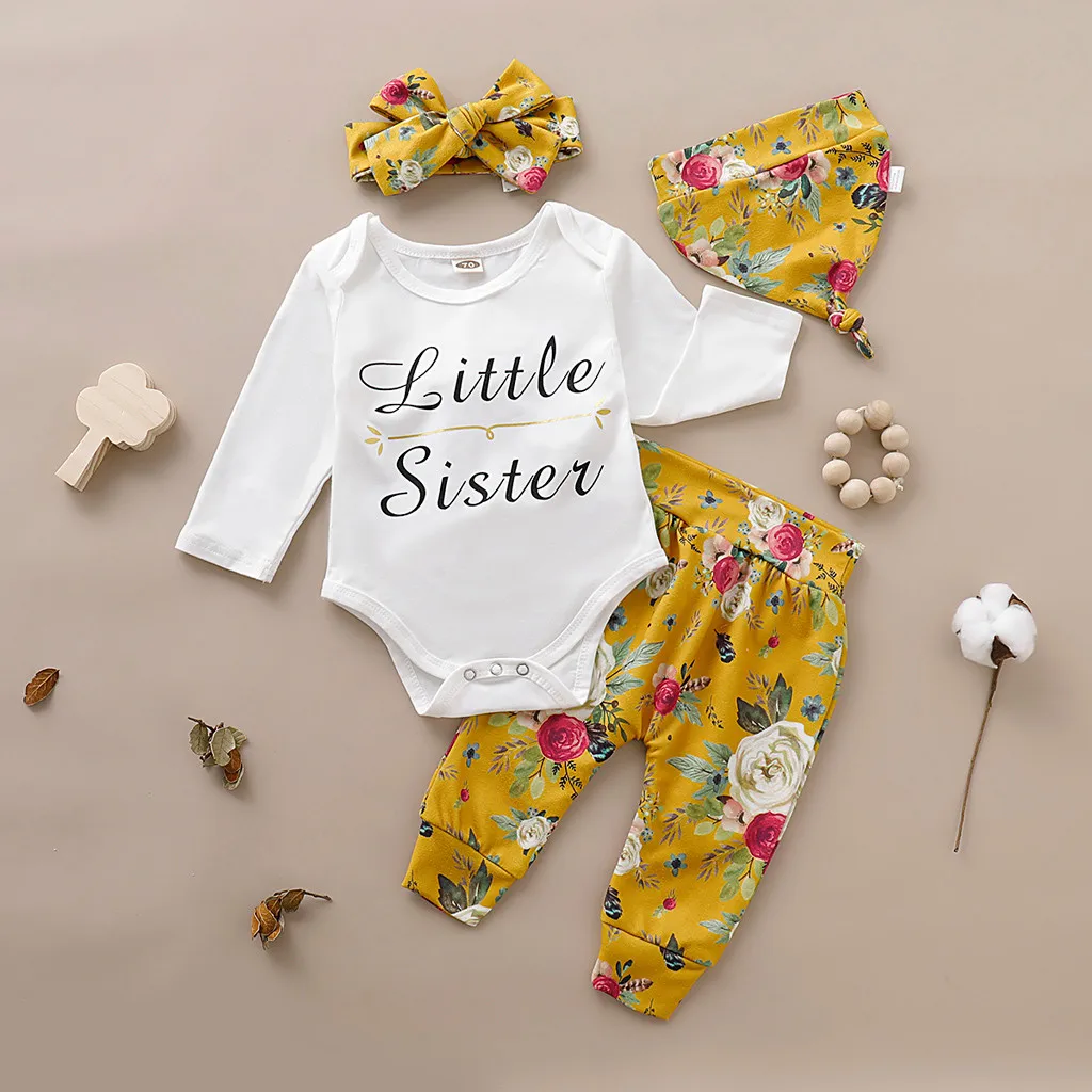 Однотонный комбинезон с оборками для маленьких девочек, боди + штаны с цветочным принтом + повязка на голову
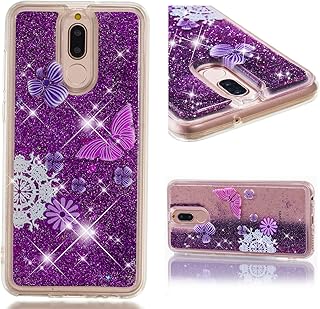 HopMore Coque Huawei Mate 10 Lite Silicone Paillettes Glitter 3D Antichoc TPU Souple Etui Transparente Motif Strass Liquide Ultra Mince Fine Gel Bumper Case Housse pour Fille Femme - Purple Butterfly
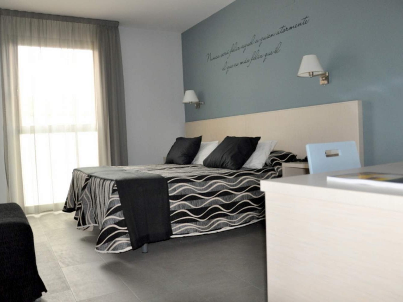 Las habitaciones del Hotel HM Alfaro están diseñadas para ofrecer descanso y comodidad. Todas incluyen aire acondicionado, Wi-Fi gratuito, baño completo, televisión y las comodidades esenciales para viajeros tanto de ocio como de trabajo. Además, el hotel está totalmente adaptado para personas con movilidad reducida —con accesos, ascensor y zonas comunes adaptadas—, lo que amplía su accesibilidad. El edificio también dispone de parking gratuito y un restaurante-cafetería en el que se sirve desayuno diario con productos frescos, ideal para empezar el día con energía.
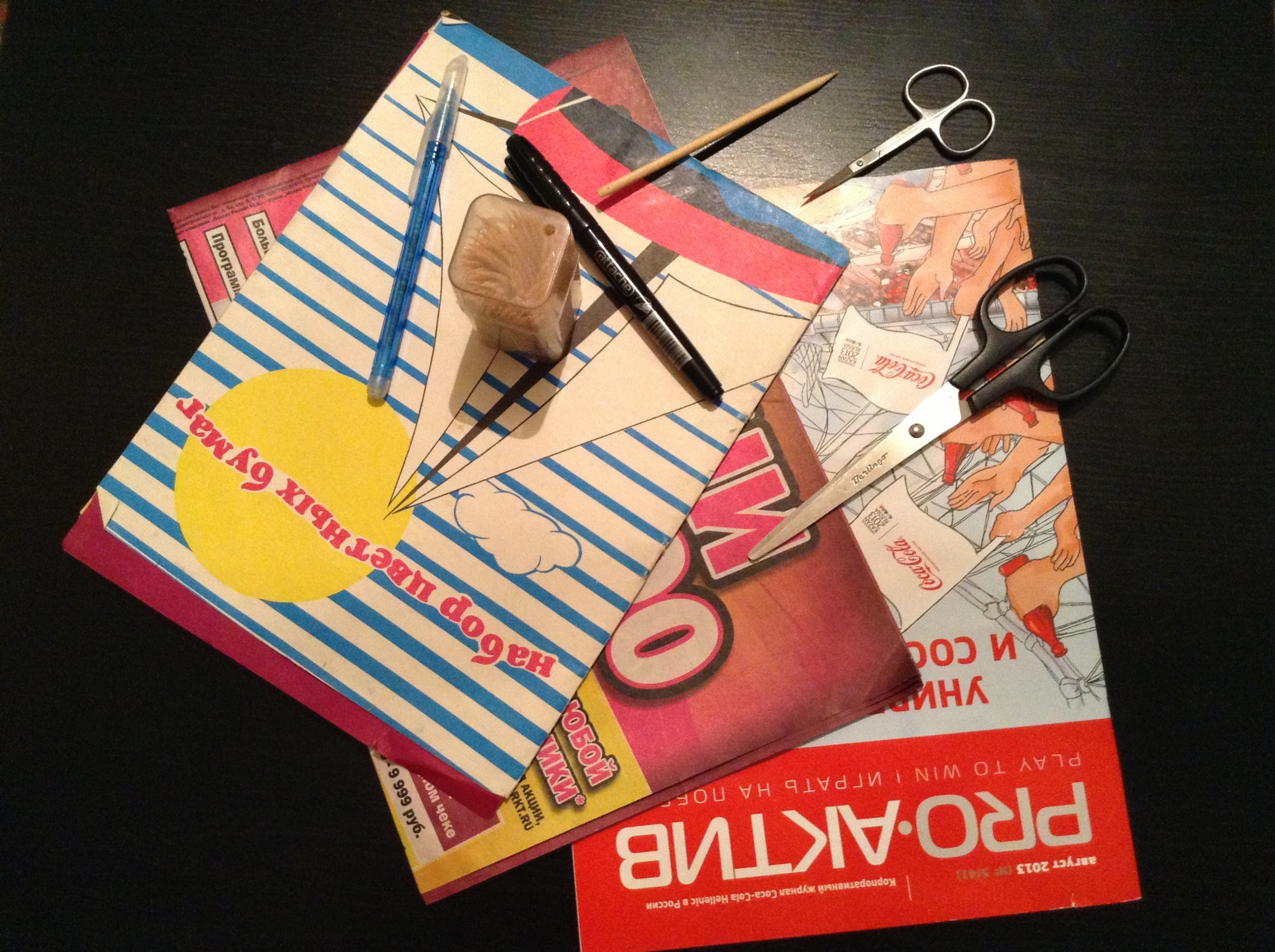 2.Материал: цветная бумага, зубочистка, лента, палочка для удаления кутикул, ножницы, журналы, маркер, фантазия, терпение.
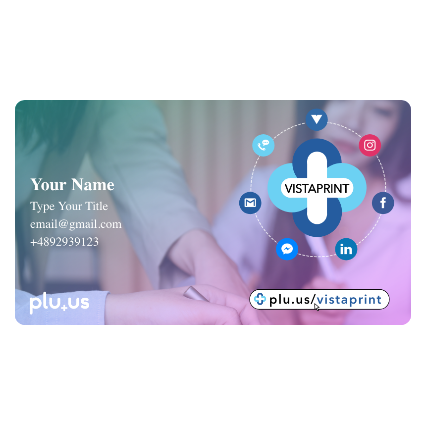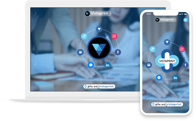 Incrustation d’un lien Plu.us/Vistaprint sur la carte de visite afin de partager l’univers digital de Vistaprint avec un simple URL
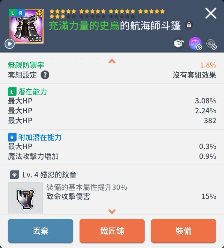 亞一|傑尼斯|23星|航海師斗篷|等級50|綠無視|綠潛HP|暴紋
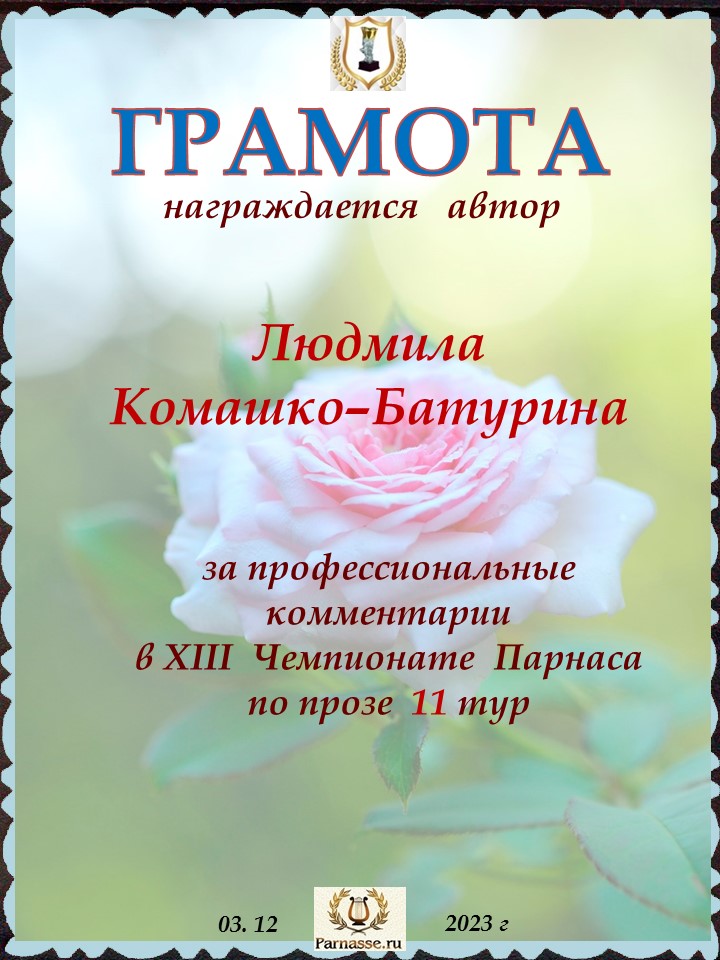![]() Медаль комментатора в 11 туре XV Чемпионата Парнаса по прозе
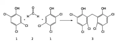From 1970 to 1972, NEPACCO was primarily involved in the production of hexachlorophene (3), an antibacterial agent used in soap, toothpaste, and common household disinfectants, from 2,4,5-trichlorophenol (1) and formaldehyde (2).[9][10]
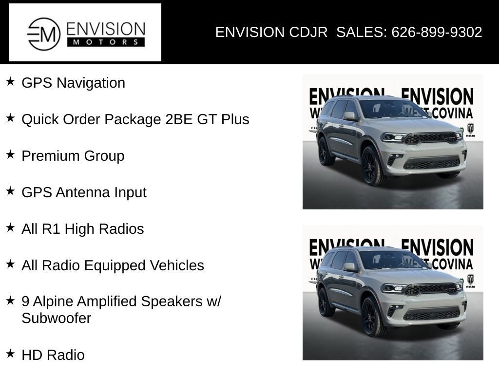 WE SPECIALIZE IN ALL CREDIT PROFILES! See what we can do for you! Call to find out (626) 899-9302.Certified.Odometer is 15201 miles below market average! AWD, #2 Seat Foam Cushion, 1-Year Trial (Registration Required), 10.1" Touchscreen Display, 115V Auxiliary Power Outlet, 180 Amp Alternator, 4G LTE Wi-Fi Hot Spot, 506 Watt Amplifier, 9 Alpine Amplified Speakers w/Subwoofer, Adaptive Cruise Control w/Stop, Advanced Brake Assist, All R1 High Radios, All Radio Equipped Vehicles, Apple CarPlay, Auto High Beam Headlamp Control, Auto-Dimming Exterior Driver Mirror, Black Roof Rails, Body Color Exterior Mirrors, Bright Cargo Area Scuff Pads, Bright Front Door Sill Scuff Pads, Cargo Compartment Cover, Connected Travel & Traffic Services, Disassociated Touchscreen Display, Dual Remote USB Port - Charge Only, Exterior Mirrors w/Heating Element, Exterior Mirrors w/Memory, Exterior Mirrors w/Supplemental Signals, For Details Visit DriveUconnect.com, For More Info, Call 800-643-2112, Full Speed Forward Collision Warning Plus, Global Telematics Box Module (TBM), Google Android Auto, GPS Antenna Input, GPS Navigation, HD Radio, Heated Second Row Seats, Integrated Center Stack Radio, Integrated Roof Rail Crossbars, Integrated Voice Command w/Bluetooth, Lane Departure Warning Plus, Leather Suede Bucket Seats, LED Auxiliary Low Beam & Turn Signal, Power 6x9 Multi-Function Foldaway Mirrors, Power 8-Way Driver Memory 6-Way Passenger Seats, Power Driver/Passenger 4-Way Lumbar Adjust, Power Sunroof, Power Tilt & Telescopic Steering Column, Premium Door Trim Panel, Premium Group, Quick Order Package 2BE GT Plus, Radio: Uconnect 5 Nav w/10.1" Display, Radio/Driver Seat/Mirrors Memory, Rain Sensitive Windshield Wipers, Security Alarm, SiriusXM Guardian - Included Trial (B), SiriusXM Radio Service, SiriusXM Satellite Radio, SiriusXM w/360L, Sun Visors w/Illuminated Vanity Mirrors, Tungsten Accent Stitching, Universal Garage Door Opener, USB Host Flip, Wheels: 20" x 8.0" Fine Silver, Wireless Charging Pad.Destroyer Gray Clearcoat2022 Dodge Durango GT Plus AWD 8-Speed Automatic 3.6L V6 24V VVTFCA US LLC Certified Pre-Owned Details: * Vehicle History * Roadside Assistance * Limited Warranty: 3 Month/3,000 Mile (whichever comes first) after new car warranty expires or from certified purchase date * Powertrain Limited Warranty: 84 Month/100,000 Mile (whichever comes first) from original in-service date * Warranty Deductible: $100 * 125 Point Inspection * Vehicles Up to 75,000 Miles and/or 5 Model Years. 24-Hour Towing & Roadside Assistance, Car Rental Allowance, CARFAX® Vehicle History ReportTM and an Introductory 3-month Subscription to SiriusXM® Satellite Radio & Certified Warranty Upgrades * Transferable Warranty**********All Pricing and Advertised Prices for any/all vehicles offered for sale does not include dealer installed accessories which can be purchased for an additional cost.********** The Factory Rebates may not be available on this vehicle if you elect to take advantage of a Special Alternative APR or Special Lease program. Some Factory Rebates are California Resident specific and may vary for residents of other states. NO sales to Dealers, Brokers or Exporters. For out of state purchase, customers must be present to purchase. If shipping is required, dealership must facilitate; no exceptions. Please contact us for special Multi-Vehicle or Fleet pricing. Prices are plus government fees and taxes, any finance charges, $85 documentary fee, $29 electronic registration fee, any emission testing charge and $1.75 per new tire state tire fee. *** We make every effort to provide accurate information, but please verify before purchasing. Leasing & financing available on approved credit. Trade-ins accepted. Subject to prior sale.
□ □ □ □ □
### About this exercise
Print the complete listing exactly, apart from any pictures.

### Response area
 Однотонный комбинезон с оборками для маленьких девочек, боди + штаны с цветочным принтом + повязка на голову
 HopMore Coque Huawei Mate 10 Lite Silicone Paillettes Glitter 3D Antichoc TPU Souple Etui Transparente Motif Strass Liquide Ultra Mince Fine Gel Bumper Case Housse pour Fille Femme - Purple Butterfly
 Las habitaciones del Hotel HM Alfaro están diseñadas para ofrecer descanso y comodidad. Todas incluyen aire acondicionado, Wi-Fi gratuito, baño completo, televisión y las comodidades esenciales para viajeros tanto de ocio como de trabajo. Además, el hotel está totalmente adaptado para personas con movilidad reducida —con accesos, ascensor y zonas comunes adaptadas—, lo que amplía su accesibilidad. El edificio también dispone de parking gratuito y un restaurante-cafetería en el que se sirve desayuno diario con productos frescos, ideal para empezar el día con energía.
 2.Материал: цветная бумага, зубочистка, лента, палочка для удаления кутикул, ножницы, журналы, маркер, фантазия, терпение.
 Incrustation d’un lien Plu.us/Vistaprint sur la carte de visite afin de partager l’univers digital de Vistaprint avec un simple URL
 亞一|傑尼斯|23星|航海師斗篷|等級50|綠無視|綠潛HP|暴紋
![]() Медаль комментатора в 11 туре XV Чемпионата Парнаса по прозе
From 1970 to 1972, NEPACCO was primarily involved in the production of hexachlorophene (3), an antibacterial agent used in soap, toothpaste, and common household disinfectants, from 2,4,5-trichlorophenol (1) and formaldehyde (2).[9][10]
 WE SPECIALIZE IN ALL CREDIT PROFILES! See what we can do for you! Call to find out (626) 899-9302.Certified.Odometer is 15201 miles below market average! AWD, #2 Seat Foam Cushion, 1-Year Trial (Registration Required), 10.1" Touchscreen Display, 115V Auxiliary Power Outlet, 180 Amp Alternator, 4G LTE Wi-Fi Hot Spot, 506 Watt Amplifier, 9 Alpine Amplified Speakers w/Subwoofer, Adaptive Cruise Control w/Stop, Advanced Brake Assist, All R1 High Radios, All Radio Equipped Vehicles, Apple CarPlay, Auto High Beam Headlamp Control, Auto-Dimming Exterior Driver Mirror, Black Roof Rails, Body Color Exterior Mirrors, Bright Cargo Area Scuff Pads, Bright Front Door Sill Scuff Pads, Cargo Compartment Cover, Connected Travel & Traffic Services, Disassociated Touchscreen Display, Dual Remote USB Port - Charge Only, Exterior Mirrors w/Heating Element, Exterior Mirrors w/Memory, Exterior Mirrors w/Supplemental Signals, For Details Visit DriveUconnect.com, For More Info, Call 800-643-2112, Full Speed Forward Collision Warning Plus, Global Telematics Box Module (TBM), Google Android Auto, GPS Antenna Input, GPS Navigation, HD Radio, Heated Second Row Seats, Integrated Center Stack Radio, Integrated Roof Rail Crossbars, Integrated Voice Command w/Bluetooth, Lane Departure Warning Plus, Leather Suede Bucket Seats, LED Auxiliary Low Beam & Turn Signal, Power 6x9 Multi-Function Foldaway Mirrors, Power 8-Way Driver Memory 6-Way Passenger Seats, Power Driver/Passenger 4-Way Lumbar Adjust, Power Sunroof, Power Tilt & Telescopic Steering Column, Premium Door Trim Panel, Premium Group, Quick Order Package 2BE GT Plus, Radio: Uconnect 5 Nav w/10.1" Display, Radio/Driver Seat/Mirrors Memory, Rain Sensitive Windshield Wipers, Security Alarm, SiriusXM Guardian - Included Trial (B), SiriusXM Radio Service, SiriusXM Satellite Radio, SiriusXM w/360L, Sun Visors w/Illuminated Vanity Mirrors, Tungsten Accent Stitching, Universal Garage Door Opener, USB Host Flip, Wheels: 20" x 8.0" Fine Silver, Wireless Charging Pad.Destroyer Gray Clearcoat2022 Dodge Durango GT Plus AWD 8-Speed Automatic 3.6L V6 24V VVTFCA US LLC Certified Pre-Owned Details: * Vehicle History * Roadside Assistance * Limited Warranty: 3 Month/3,000 Mile (whichever comes first) after new car warranty expires or from certified purchase date * Powertrain Limited Warranty: 84 Month/100,000 Mile (whichever comes first) from original in-service date * Warranty Deductible: $100 * 125 Point Inspection * Vehicles Up to 75,000 Miles and/or 5 Model Years. 24-Hour Towing & Roadside Assistance, Car Rental Allowance, CARFAX® Vehicle History ReportTM and an Introductory 3-month Subscription to SiriusXM® Satellite Radio & Certified Warranty Upgrades * Transferable Warranty**********All Pricing and Advertised Prices for any/all vehicles offered for sale does not include dealer installed accessories which can be purchased for an additional cost.********** The Factory Rebates may not be available on this vehicle if you elect to take advantage of a Special Alternative APR or Special Lease program. Some Factory Rebates are California Resident specific and may vary for residents of other states. NO sales to Dealers, Brokers or Exporters. For out of state purchase, customers must be present to purchase. If shipping is required, dealership must facilitate; no exceptions. Please contact us for special Multi-Vehicle or Fleet pricing. Prices are plus government fees and taxes, any finance charges, $85 documentary fee, $29 electronic registration fee, any emission testing charge and $1.75 per new tire state tire fee. *** We make every effort to provide accurate information, but please verify before purchasing. Leasing & financing available on approved credit. Trade-ins accepted. Subject to prior sale.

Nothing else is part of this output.